[[ TASK MATERIAL open ]]
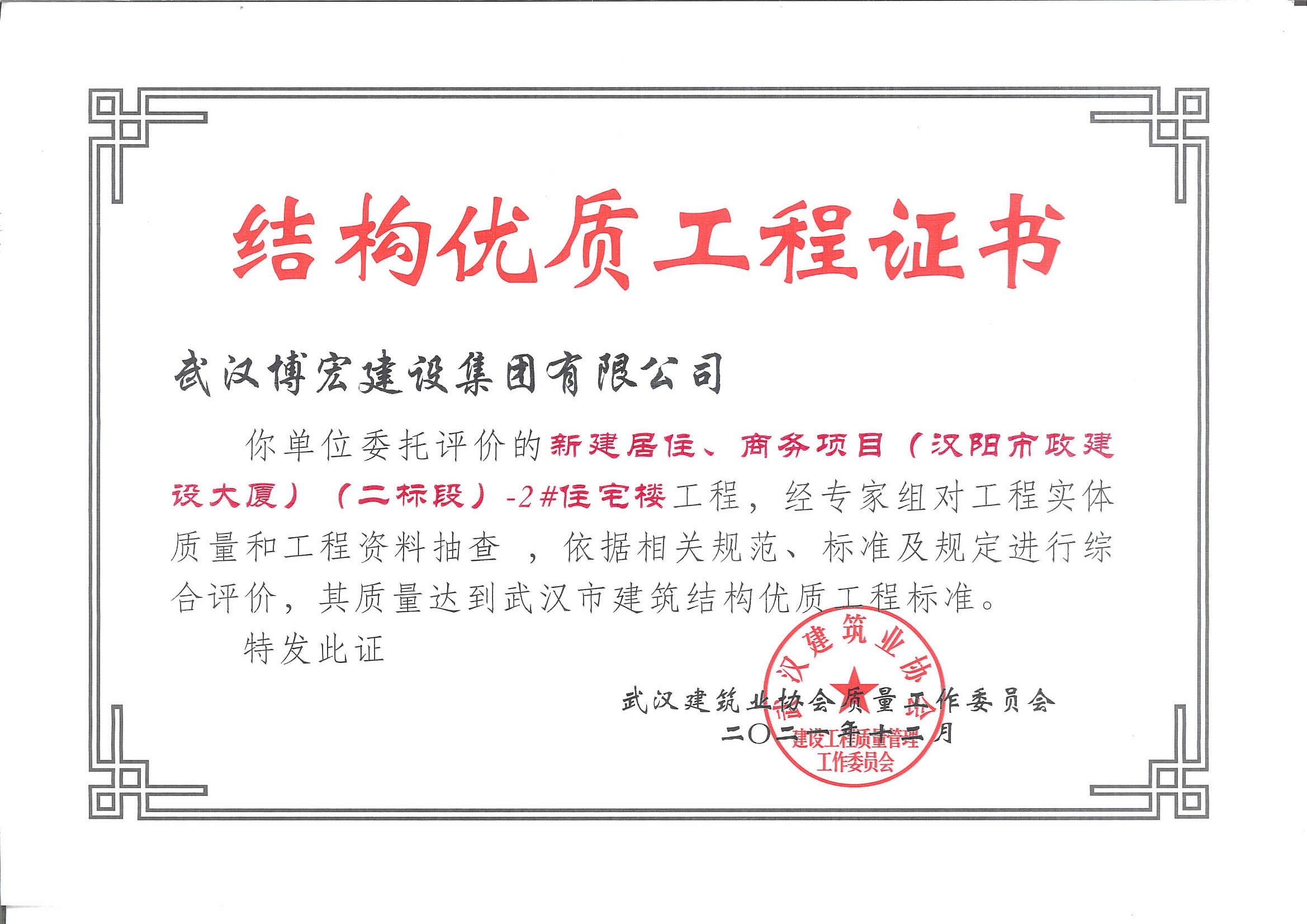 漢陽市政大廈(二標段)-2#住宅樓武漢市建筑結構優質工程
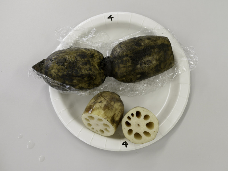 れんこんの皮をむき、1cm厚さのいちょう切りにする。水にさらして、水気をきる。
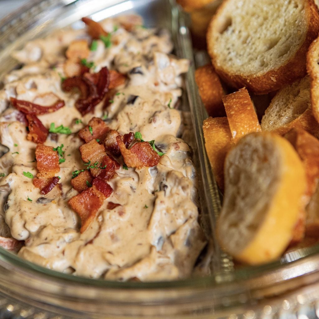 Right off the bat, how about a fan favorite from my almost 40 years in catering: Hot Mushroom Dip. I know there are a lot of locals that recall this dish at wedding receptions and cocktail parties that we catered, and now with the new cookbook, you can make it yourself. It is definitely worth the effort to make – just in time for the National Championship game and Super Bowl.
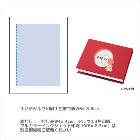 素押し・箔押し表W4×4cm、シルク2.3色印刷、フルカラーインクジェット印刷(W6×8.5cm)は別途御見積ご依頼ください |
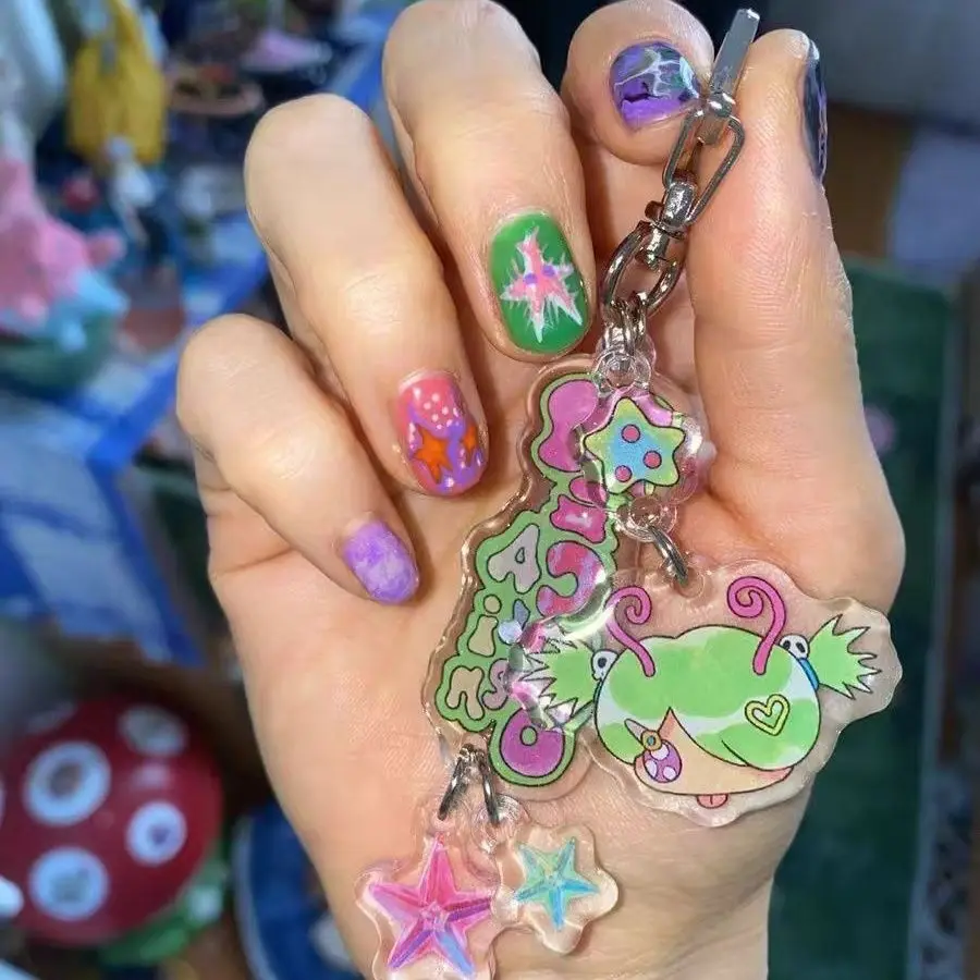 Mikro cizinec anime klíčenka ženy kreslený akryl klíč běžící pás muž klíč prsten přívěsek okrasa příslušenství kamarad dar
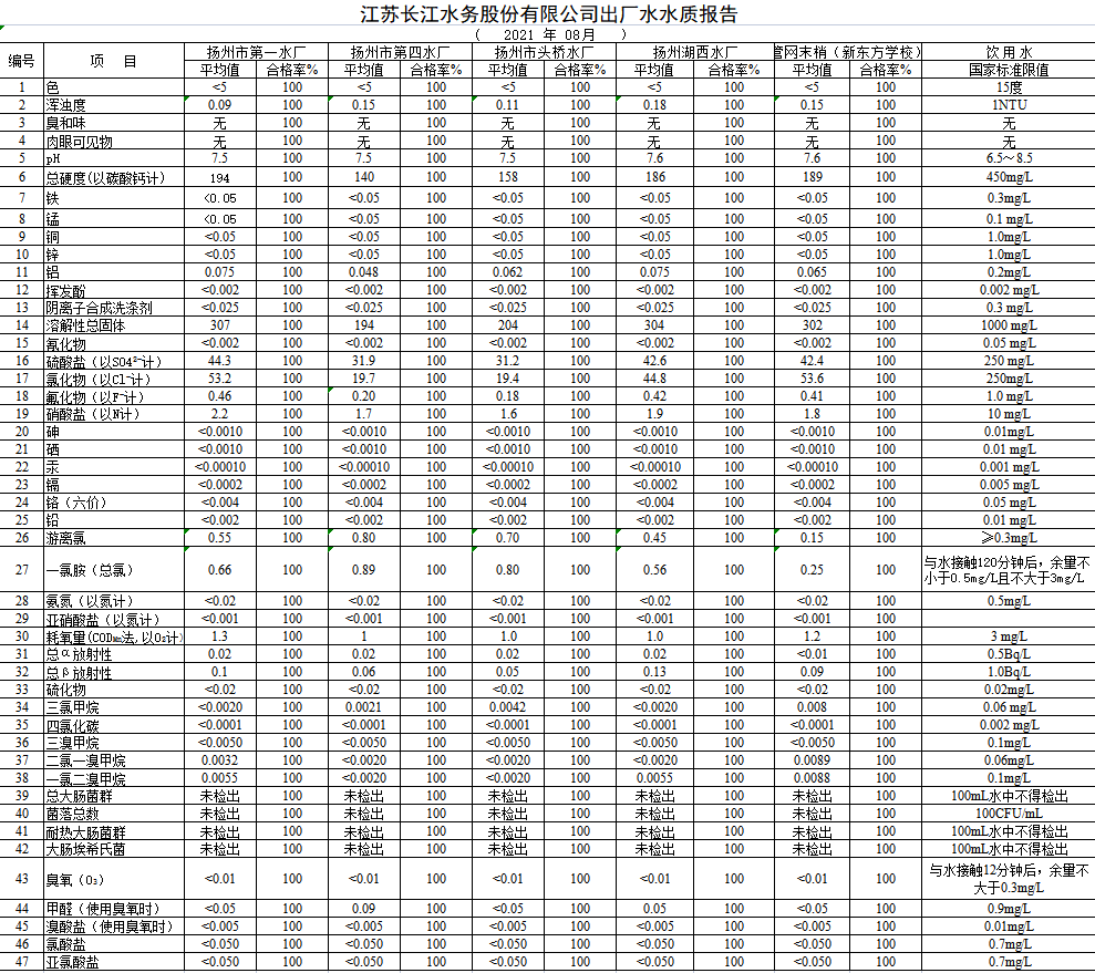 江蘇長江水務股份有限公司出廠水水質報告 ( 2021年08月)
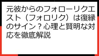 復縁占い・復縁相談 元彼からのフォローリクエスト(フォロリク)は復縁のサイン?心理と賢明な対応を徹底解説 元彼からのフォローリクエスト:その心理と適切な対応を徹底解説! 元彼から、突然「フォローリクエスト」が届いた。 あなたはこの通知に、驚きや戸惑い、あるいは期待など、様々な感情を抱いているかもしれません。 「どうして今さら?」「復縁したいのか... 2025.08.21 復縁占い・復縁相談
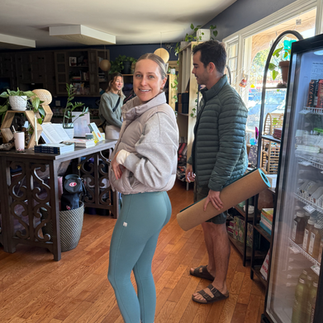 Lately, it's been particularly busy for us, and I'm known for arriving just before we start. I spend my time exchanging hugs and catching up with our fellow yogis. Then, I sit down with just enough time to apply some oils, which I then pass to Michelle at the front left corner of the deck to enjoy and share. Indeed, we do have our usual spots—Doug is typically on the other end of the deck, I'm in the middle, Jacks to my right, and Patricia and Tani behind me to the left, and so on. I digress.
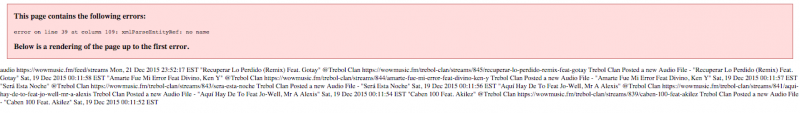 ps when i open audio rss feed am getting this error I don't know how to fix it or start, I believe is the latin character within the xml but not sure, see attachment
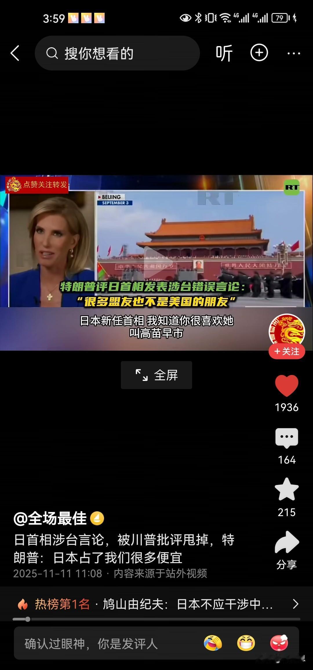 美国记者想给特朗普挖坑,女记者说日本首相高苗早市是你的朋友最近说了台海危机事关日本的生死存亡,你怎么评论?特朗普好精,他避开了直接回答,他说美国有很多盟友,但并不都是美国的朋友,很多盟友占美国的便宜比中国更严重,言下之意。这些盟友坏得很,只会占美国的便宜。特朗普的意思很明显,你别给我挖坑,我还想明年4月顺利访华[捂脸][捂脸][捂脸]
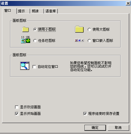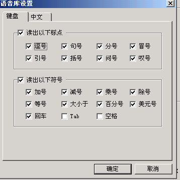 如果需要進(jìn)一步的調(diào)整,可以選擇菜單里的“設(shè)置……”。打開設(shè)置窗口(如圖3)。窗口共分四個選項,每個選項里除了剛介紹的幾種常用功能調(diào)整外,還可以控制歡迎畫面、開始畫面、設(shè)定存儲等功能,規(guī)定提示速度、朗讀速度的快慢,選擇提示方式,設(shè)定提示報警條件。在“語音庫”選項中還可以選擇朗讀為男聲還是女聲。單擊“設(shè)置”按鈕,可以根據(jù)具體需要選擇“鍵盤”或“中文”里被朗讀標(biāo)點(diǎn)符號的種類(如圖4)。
[[ TASK MATERIAL closed ]]
## WORK ORDER
Reproduce the whole listing above character for character; pictures do not belong in it.

## WRITTEN SOLUTION
 漢陽市政大廈(二標段)-2#住宅樓武漢市建筑結構優質工程
 れんこんの皮をむき、1cm厚さのいちょう切りにする。水にさらして、水気をきる。
 Right off the bat, how about a fan favorite from my almost 40 years in catering: Hot Mushroom Dip. I know there are a lot of locals that recall this dish at wedding receptions and cocktail parties that we catered, and now with the new cookbook, you can make it yourself. It is definitely worth the effort to make – just in time for the National Championship game and Super Bowl.
 素押し・箔押し表W4×4cm、シルク2.3色印刷、フルカラーインクジェット印刷(W6×8.5cm)は別途御見積ご依頼ください |
 Mikro cizinec anime klíčenka ženy kreslený akryl klíč běžící pás muž klíč prsten přívěsek okrasa příslušenství kamarad dar
 江蘇長江水務股份有限公司出廠水水質報告 ( 2021年08月)
 復縁占い・復縁相談 元彼からのフォローリクエスト(フォロリク)は復縁のサイン?心理と賢明な対応を徹底解説 元彼からのフォローリクエスト:その心理と適切な対応を徹底解説! 元彼から、突然「フォローリクエスト」が届いた。 あなたはこの通知に、驚きや戸惑い、あるいは期待など、様々な感情を抱いているかもしれません。 「どうして今さら?」「復縁したいのか... 2025.08.21 復縁占い・復縁相談
 Lately, it's been particularly busy for us, and I'm known for arriving just before we start. I spend my time exchanging hugs and catching up with our fellow yogis. Then, I sit down with just enough time to apply some oils, which I then pass to Michelle at the front left corner of the deck to enjoy and share. Indeed, we do have our usual spots—Doug is typically on the other end of the deck, I'm in the middle, Jacks to my right, and Patricia and Tani behind me to the left, and so on. I digress.
 ps when i open audio rss feed am getting this error I don't know how to fix it or start, I believe is the latin character within the xml but not sure, see attachment
 美国记者想给特朗普挖坑,女记者说日本首相高苗早市是你的朋友最近说了台海危机事关日本的生死存亡,你怎么评论?特朗普好精,他避开了直接回答,他说美国有很多盟友,但并不都是美国的朋友,很多盟友占美国的便宜比中国更严重,言下之意。这些盟友坏得很,只会占美国的便宜。特朗普的意思很明显,你别给我挖坑,我还想明年4月顺利访华[捂脸][捂脸][捂脸]
 如果需要進(jìn)一步的調(diào)整,可以選擇菜單里的“設(shè)置……”。打開設(shè)置窗口(如圖3)。窗口共分四個選項,每個選項里除了剛介紹的幾種常用功能調(diào)整外,還可以控制歡迎畫面、開始畫面、設(shè)定存儲等功能,規(guī)定提示速度、朗讀速度的快慢,選擇提示方式,設(shè)定提示報警條件。在“語音庫”選項中還可以選擇朗讀為男聲還是女聲。單擊“設(shè)置”按鈕,可以根據(jù)具體需要選擇“鍵盤”或“中文”里被朗讀標(biāo)點(diǎn)符號的種類(如圖4)。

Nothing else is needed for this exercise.